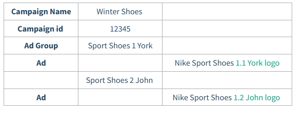 - Correct Setup Example: Campaign Name: Winter Shoes, Ad Group: Sport Shoes 1 York, Ad: Nike Sport Shoes 1.1 York logo.
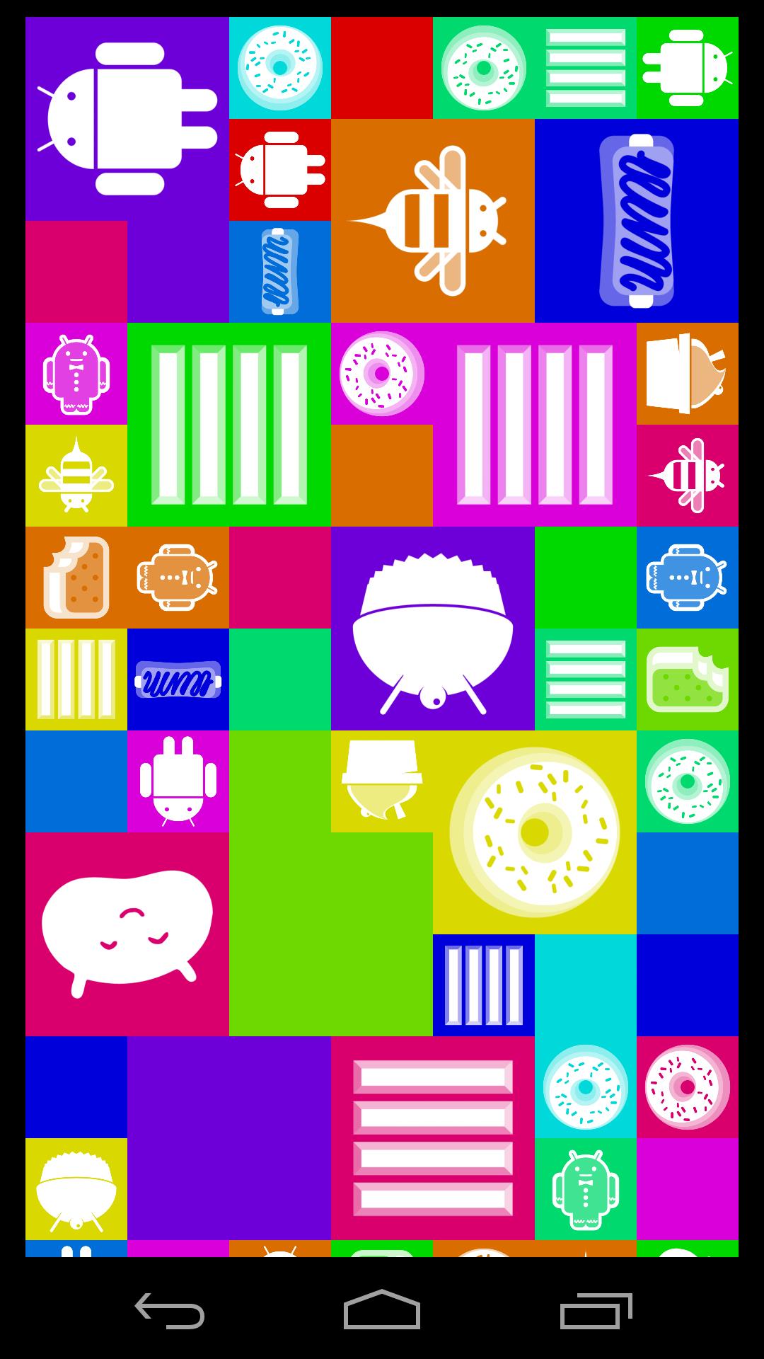 Trong bản xem trước của Android L, vào Settings > About phone rồi nhấn Android Version vài lần, bạn sẽ thấy một màn hình với nhiều ô vuông, hình chữ nhật xanh, đỏ, chuyển động không theo quy tắc nào cả.
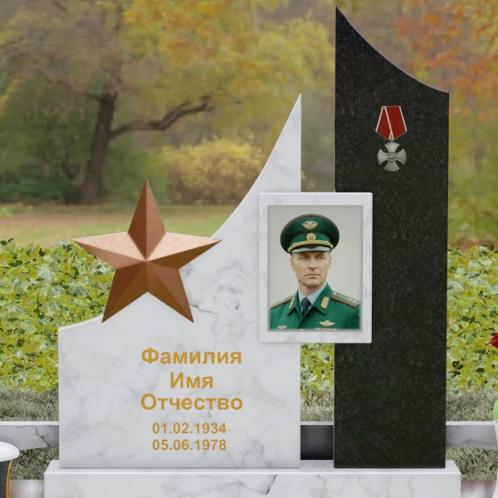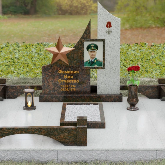 В основе художественной концепции лежит динамичная асимметрия, которая придает всей структуре современный, «европейский» облик. Центральная стела состоит из двух контрастных блоков, объединенных общим основанием. Левая часть, выполненная из темного полированного камня, имеет резкий диагональный срез, направленный вверх. На ее вершине закреплена объемная пятиконечная звезда с эффектом бронзового напыления — мощный акцент, подчеркивающий статус и заслуги покойного. Правая часть композиции представляет собой высокий вертикальный пилон из фактурного коричнево-красного гранита, на верхнем сегменте которого расположена детальная реплика ордена Мужества.
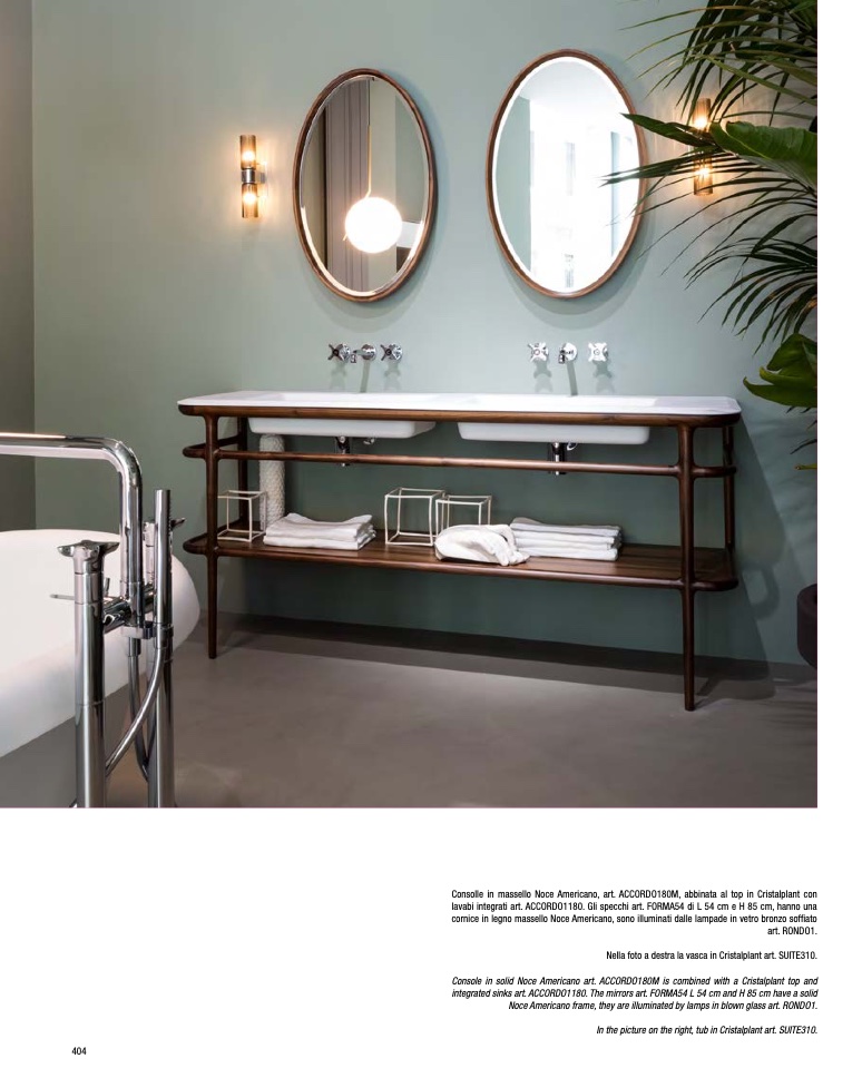 integrated sinks art. ACCORDO1180. The mirrors art. FORMA54 L 54 cm and H 85 cm have a solid
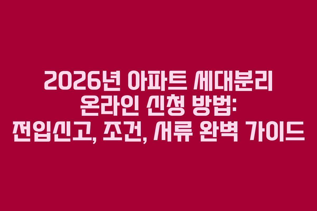부모님과 같은 아파트에 거주하며 청약 당첨 확률을 높이거나 세금을 절감하기 위해 세대분리를 고려하고 있는 분들이 많습니다. 많은 이들이 이러한 절차가 복잡하다고 생각해 주민센터에 직접 방문해야 한다고 여깁니다. 그러나 2026년 현재, 아파트 세대분리는 ‘정부24’ 홈페이지를 통해 간편하게 온라인으로 신청할 수 있습니다. 특히 세대분리와 관련된 규정이 강화되었기 때문에, 단순한 신청을 넘어 실제로 승인이 이루어지기 위한 명확한 기준을 숙지하는 것이 중요합니다. 이번 가이드에서는 온라인 신청 방법부터 필수 요건까지 자세히 안내하겠습니다.
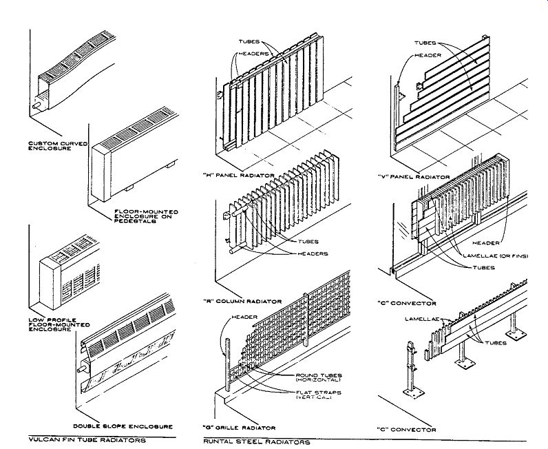 Baseboard convector selection is then made from the manufacturer's data tables, such as the one shown in TABLE 3. The two common baseboard types are RC, usually cast iron with a water-backed front surface and an extended rear heating surface, and finned tube, a metal tube with an extended surface in the form of fins, usually placed behind a metal enclosure.
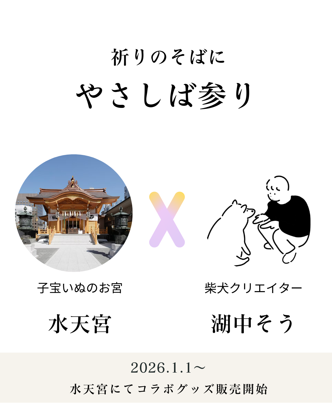 この子宝いぬの像にちなみ、柴犬を描くイラストレーターの湖中そう氏とのコラボ企画を2026年1月1日から開始します。本コラボ企画では、「ポストカード」「木製スタンプ」「フレークシール」の限定グッズを水天宮内の「子宝丸本舗」にて販売いたします。
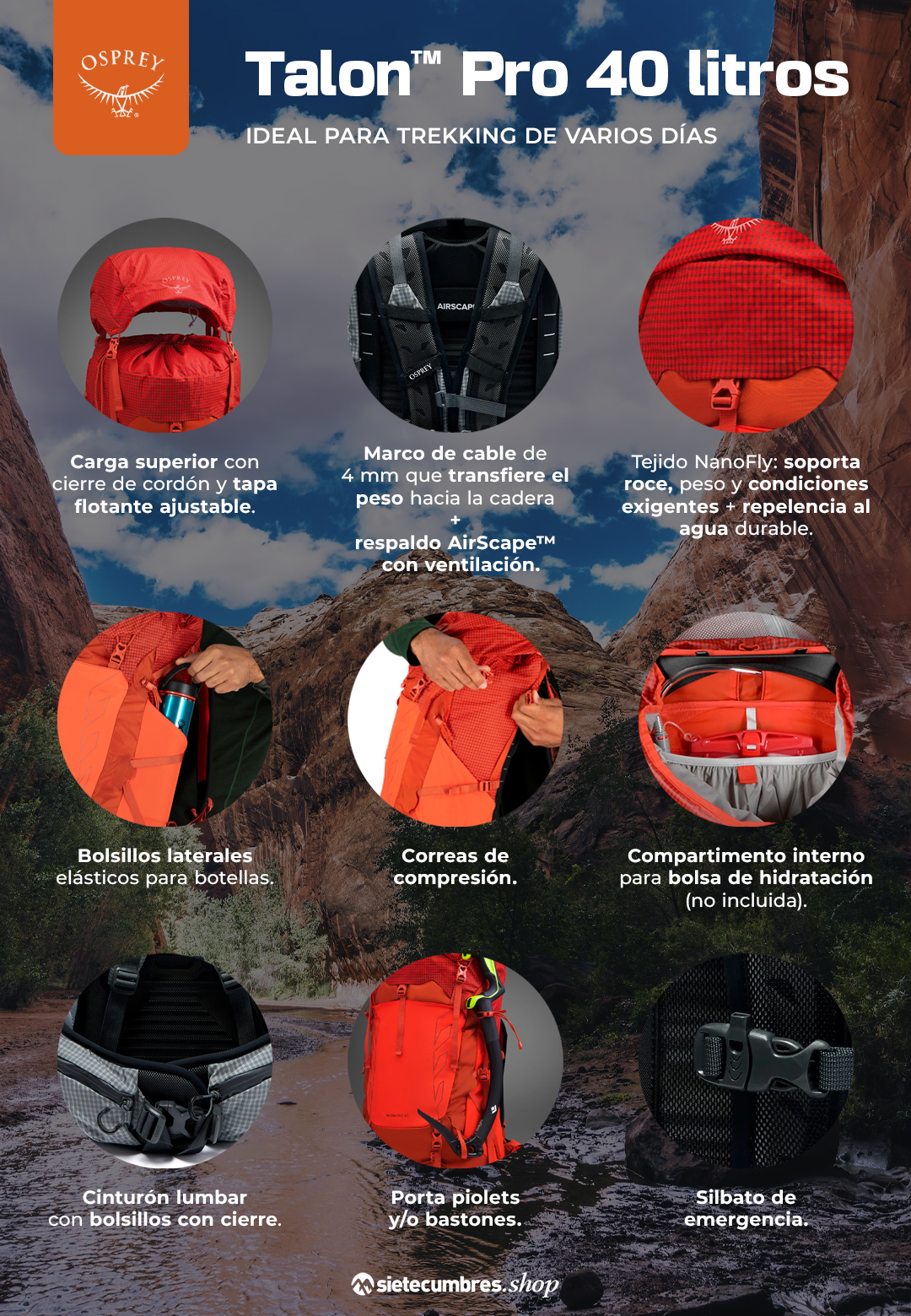 La mochila técnica Osprey Talon Pro 40 es una compañera todo terreno: liviana, resistente y pensada para quienes necesitan rendimiento real en montaña, escalada o travesías de varios días. Con ajuste de torso mejorado, armazón inyectado de alta precisión y el exclusivo tejido NanoFly™ ultrarresistente, es una mochila que combina velocidad, durabilidad y comodidad en un diseño premium.
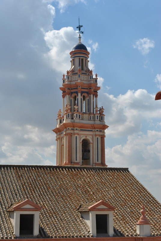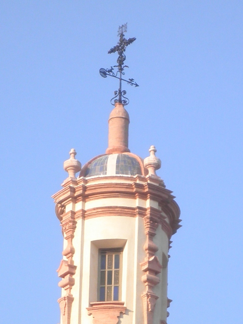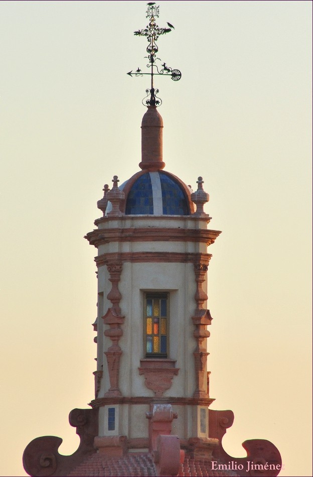 El último cuerpo lo forma un cilindro terminando en una cúpula con azulejos y rematado por un agujón con cruz y veleta. Este cuerpo está compuesto de ocho pilastras parabólicas o pilastras con volutas.
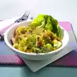 Mix with the mustard. Add vinegar and finally add the oil drop by drop. Season to taste with salt, pepper and sugar. Crumble the feta cheese into small cubes and carefully fold into the salad.
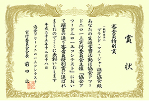 2013年12月18日(水)に開催されました、協会アワード2013コンテスト(公益財団法人日本生涯学習協議会後援)にて一般財団法人ブランド・マネージャー認定協会の活動が優れた生涯学習活動であると評価され、「審査員特別賞」を受賞いたしました!
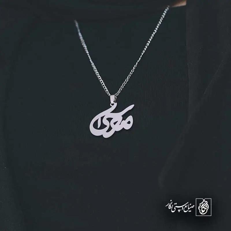 گردنبند اسم موسی کد 5203 از جنس استیل ضدزنگ و ضد حساسیت با رنگ ثابت توسط زیورآلات نگار طراحی و ساخته شده است. این گردنبند با ضخامت 1 میلیمتر در ابعاد 2.5 تا 4 سانتیمتر نسبت به سفارش مشتری قابل ساخت است. تمام محصولات در فروشگاه زیورآلات نگار بعد از خرید ساخته میشود و بین 7 تا 15 روز به دست شما مشتریان گرامی میرسد.
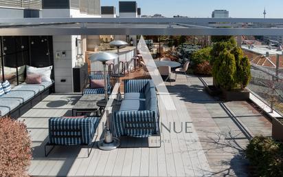 "Muchas de nuestras propiedades en venta no se encuentran en Idealista. Le invitamos a visitar nuestra web ‘THE AVENUE’ para acceder a nuestra selección completa." THE AVENUE Select Real estate, tiene el privilegio de presentarles una verdadera joya inmobiliaria: un ático dúplex en esquina, ubicado en una de las calles más emblemáticas del prestigioso barrio de Almagro. Este elegante hogar se encuentra resguardado en una finca que ofrece seguridad las 24 horas del día, garantizando la tranquilidad y comodidad de sus afortunados residentes. Desde el momento en que ponga un pie en esta propiedad, quedará cautivado por la amplitud de sus espacios y la luminosidad que inunda cada rincón, pero son las terrazas las que realmente hacen de esta vivienda algo excepcional. El hall de entrada le dará la bienvenida con su magnificencia y, al avanzar, se sumergirá en el grandioso salón, un espacio dividido en múltiples ambientes, incluido un comedor. La cocina, equipada con todos los electrodomésticos necesarios, combina practicidad y comodidad, incorporando una zona de lavado y un dormitorio de servicio. El dormitorio principal, un verdadero refugio de lujo que cuenta con dos baños en suite, un vestidor doble y una zona de estar privada. Además, encontramos otro espacioso dormitorio en suite con su zona de trabajo, así como un tercer dormitorio de generosas dimensiones con un baño en suite. La planta principal se despliega hacia una espectacular terraza perimetral, que culmina en un amplio rincón donde podrá disfrutar de las vistas que solo un ático en esquina puede ofrecer. Pero la verdadera sorpresa aguarda en la planta superior, a la que se accede cómodamente a través de una escalera interna. Aquí nos encontramos con una terraza que alberga una piscina exterior climatizada, una zona de bar completamente equipada, áreas de sofás, un comedor al aire libre y una zona cubierta que se transforma en un comedor de verano. Además, cuenta con un baño y una magnífica sala de cine, convirtiéndola en un espacio diseñado para el ocio. Para completar, esta propiedad incluye tres plazas de garaje dentro de la finca y tres trasteros. En resumen, esta vivienda es un testimonio del lujo, la exclusividad y el confort en su máxima expresión. Una oportunidad única que no debe pasarse por alto.
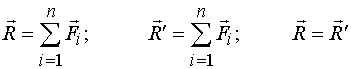 - Соотношения между главными моментами системы сил относительно двух различных центров приведения.
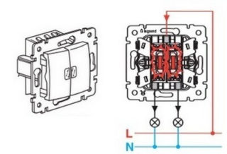 Dans la mise en œuvre, la méthode est un peu plus compliquée, puisqu'il faut trouver un conducteur de phase et le connecter à la prise requise. Le double interrupteur a trois contacts de connexion. La phase est le plus souvent affichée en marron ou en rouge, et à partir du dispositif d'éclairage la couleur des fils peut être la même. Avant le raccordement, la présence de tension de phase est vérifiée, si nécessaire, le fil est marqué.
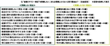 他方、≪受験したくないと思う理由≫では「必要性を感じない」や「メリットを感じない」、「活用のイメージが湧かない」、「受験しても活用の場がない」、「受験しなくてもネットなどで学べる」など、意義を見出しにくいとする回答が多くありました。また、「実生活で経験するほうがよいと思う」や「仕事で知ることができている」など実際の経験で十分とする回答のほか、「時間の余裕がない」や「難しそう」、「金融や数字は苦手分野」といった回答がありました。
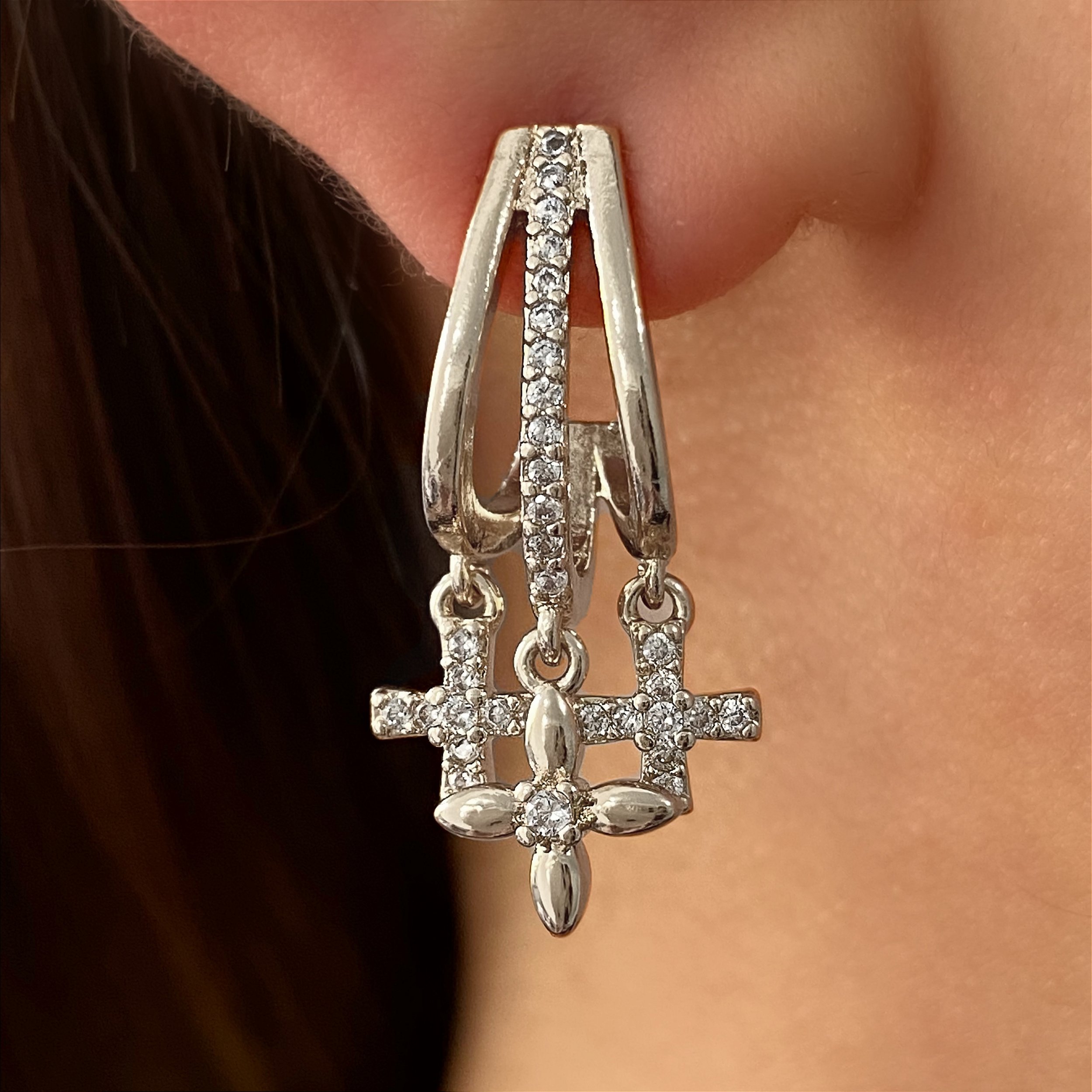 BRINCO TRÊS FIOS LISOS E ZIRCÔNIAS COM PINGENTES BIJU
★ ★ ★ ★ ★
### [Task details]
Return exactly the lines above, from the one with "El último cuerpo" up to and including the one with "گردنبند اسم موسی", and include no pictures.

### [Solution to this problem]
 El último cuerpo lo forma un cilindro terminando en una cúpula con azulejos y rematado por un agujón con cruz y veleta. Este cuerpo está compuesto de ocho pilastras parabólicas o pilastras con volutas.
 Mix with the mustard. Add vinegar and finally add the oil drop by drop. Season to taste with salt, pepper and sugar. Crumble the feta cheese into small cubes and carefully fold into the salad.
 2013年12月18日(水)に開催されました、協会アワード2013コンテスト(公益財団法人日本生涯学習協議会後援)にて一般財団法人ブランド・マネージャー認定協会の活動が優れた生涯学習活動であると評価され、「審査員特別賞」を受賞いたしました!
 گردنبند اسم موسی کد 5203 از جنس استیل ضدزنگ و ضد حساسیت با رنگ ثابت توسط زیورآلات نگار طراحی و ساخته شده است. این گردنبند با ضخامت 1 میلیمتر در ابعاد 2.5 تا 4 سانتیمتر نسبت به سفارش مشتری قابل ساخت است. تمام محصولات در فروشگاه زیورآلات نگار بعد از خرید ساخته میشود و بین 7 تا 15 روز به دست شما مشتریان گرامی میرسد.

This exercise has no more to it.